While recently the DeFi space celebrated a huge milestone with $1 billion locked in various applications across the board, participation in DeFi today is limited because it requires that users have purely crypto-native assets.
Getting real-world assets involved in the DeFi industry is what Centrifuge is pursuing with its Ethereum Dapp called Tinlake. The app allows for the securitization of real-world assets and have these represented on the blockchain as tokens, which can in turn be used to gain access to DeFi services.
What is Asset Tokentization?
Asset tokenization refers to the act of turning the ownership of a real-world asset into a digital token. This can be done in various ways, but all result in the legally-upheld bridge between the physical asset and its representative token.
Deeds, titles, and certificates are all traditional versions of a token. A deed to a house represents ownership of that house. The token refers to the digitally native asset which represents the real-world asset itself.
The first two types of assets that are available for tokenization are music streaming royalties enabled by PaperChain and ConsolFreight’s freight shipping invoices.
With the positive vote from the MakerDAO community, now anyone – be it individuals or companies – is able to utilize future cash flows from music streaming royalties or shipping invoices as collateral to take out loans for example.
Centrifuge’s Lucas Vogelsang notes the partnership could be the world’s first application of DeFi to a real-world business issue. Particularly, the solution helps ensure quick liquidity for artists and supply chain firms, without the hassles of going through traditional ways of financing.
MakerDAO’s Rune Christensen has also shared a highly optimistic vision as the two proposals represent the first step towards the expansion of DeFi’s field of application:
“These should be seen as the first two [RWAs] in the greatest portfolio of assets that’s ever been built. It’s just the first step. Thousands and thousands of assets will exist alongside them.”
There are still issues and restrictions when it comes to securitization of real-world assets and introduces new risks to the DeFi space.

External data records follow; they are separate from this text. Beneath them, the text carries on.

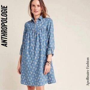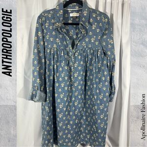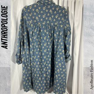 ANTHROPOLOGIE PILCRO FLORAL BLUE DENIM TUNIC DRESS SIZE 14 NWOT
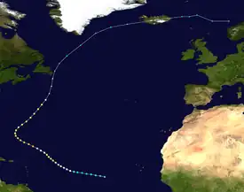 The storm then weakened as it turned northward and eventually northeastward on August 21.[7][2] Gradually losing strength, Debbie passed well to the southeast of Bermuda,[1] although it is believed that if not for the presence of nearby Hurricane Camille, which emerged into the Atlantic from the United States on August 20, Debbie would have likely ended up further west, closer to the island.[5] Debbie mostly maintained its severity through 06:00 UTC on August 23 as it continued generally toward the northeast.[1] By 12:00 UTC on August 23, Debbie weakened to below Category 2 status and turned northward, becoming extratropical six hours later, while still retaining winds of hurricane force.[1][2] The next day, the storm's remnants—no longer bearing winds of hurricane intensity, but only gale force—skirted the southeastern tip of Newfoundland.[8] The remnants of Debbie began to lose definition as they accelerated northeastward,[9] while moving over increasingly cold waters. Debbie's remnants finally dissipated west of Norway on August 27.[5][1][2]
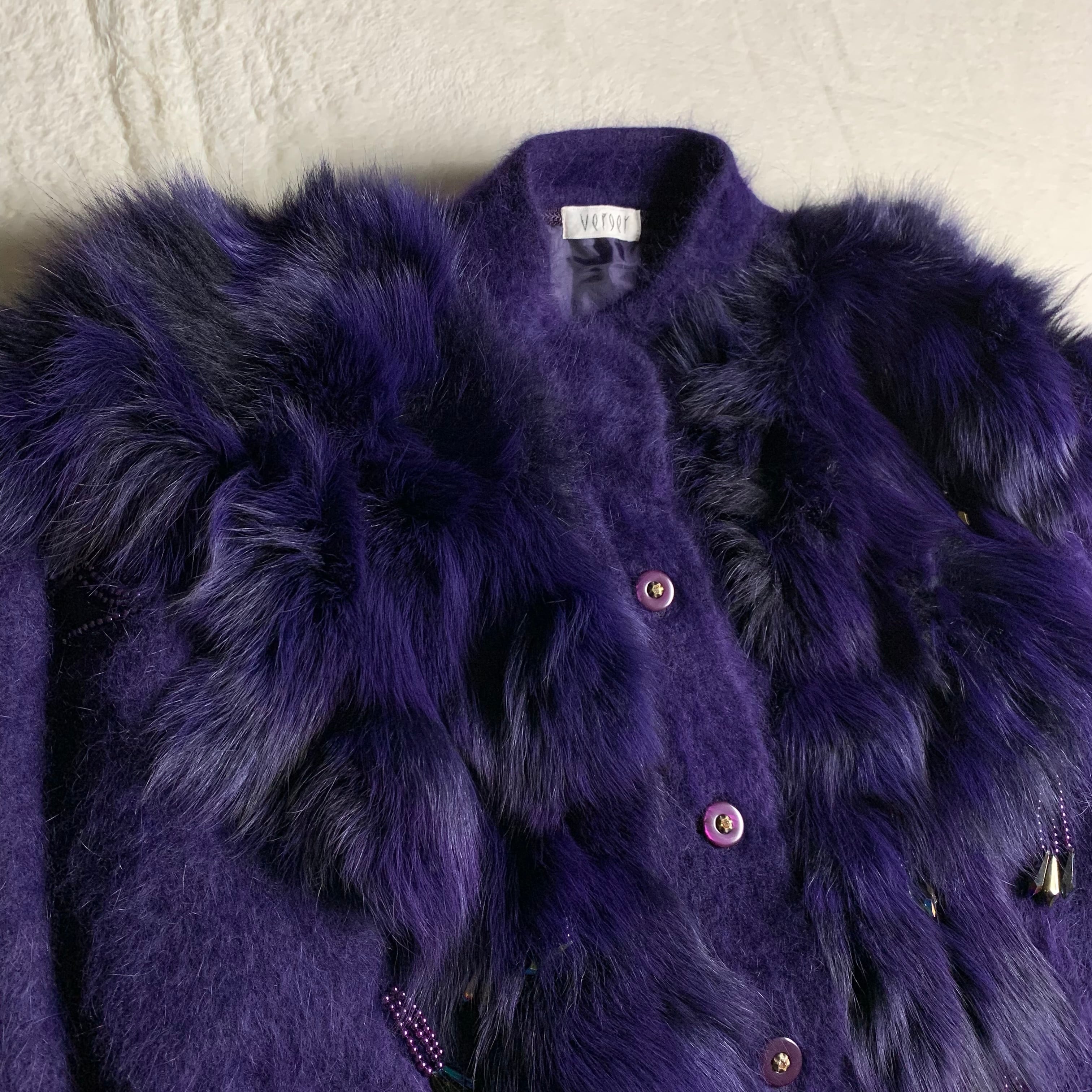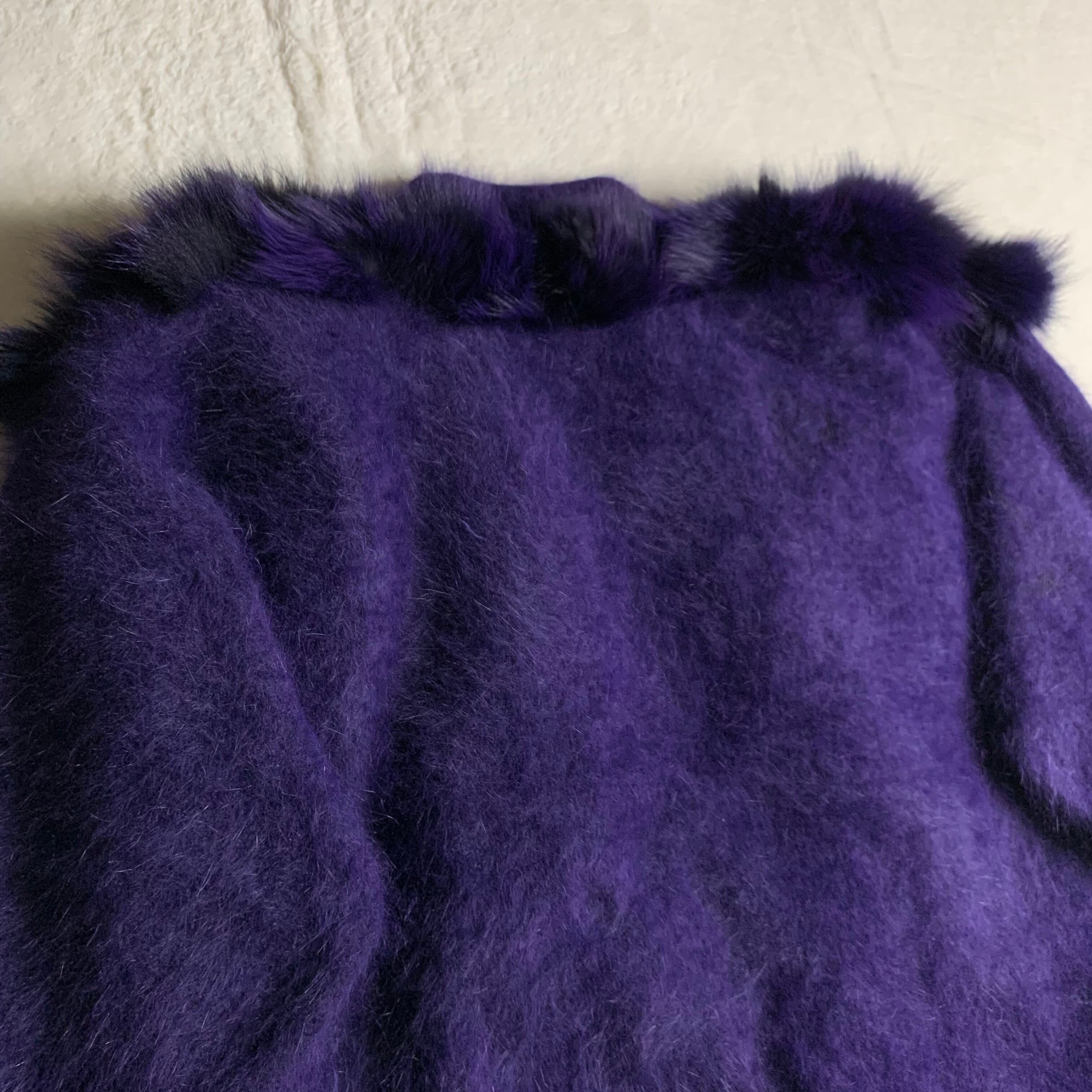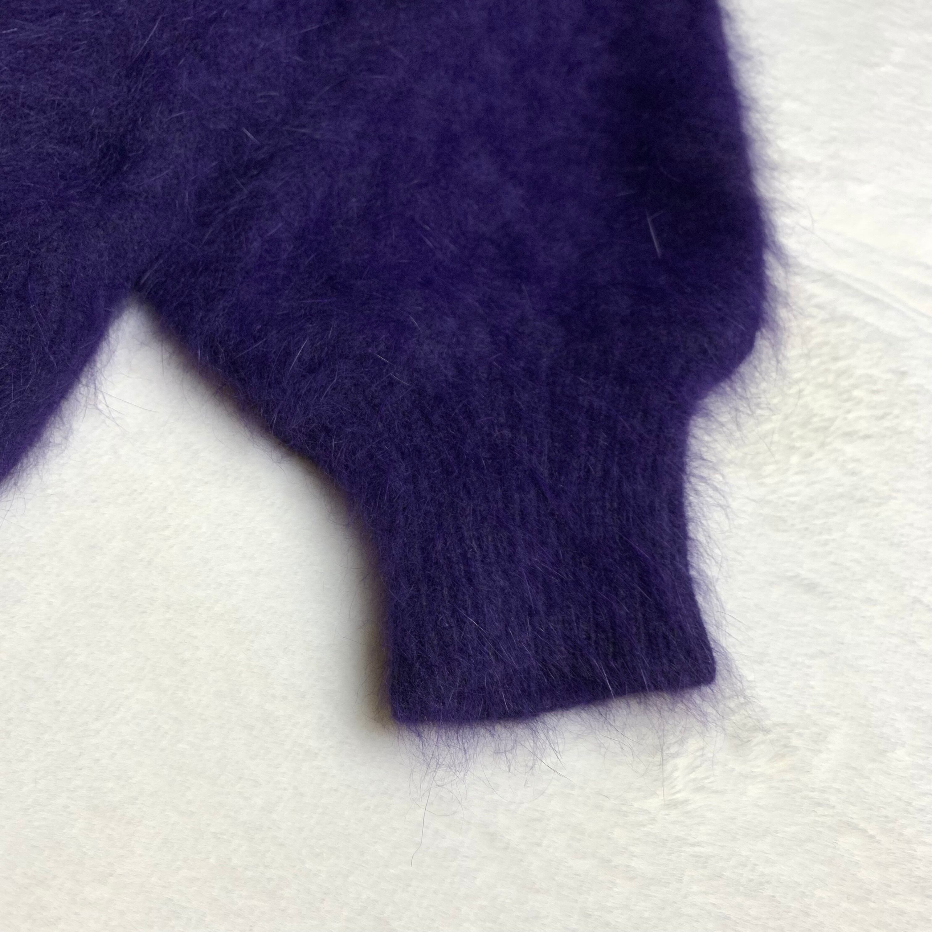 アンゴラ混の紫ニットカーディガンです。

For instance, Centrifuge’s tokenization process through its app still falls under the securities law. Since both Paperchain and ConsolFreight are based in the U.S. only accredited investors will have access to these assets.
Another compromise that was made in order to bring real-world assets to DeFi is Centrifuge setting up a special purpose vehicle (SPV) that will have the assets associated with, from a legal touchpoint. Lenders, in the event of default, would have to rely on the legal system to enforce their rights to the collateral, rather than an automated smart contract that can do so with on-chain assets.
While this is necessary to have a claim for the tokenized real-world assets, it represents a single-point of failure. But this is a trade-off that Centrifuge’s Lucas Vogelsang says is necessary in order to bring real world assets on-chain.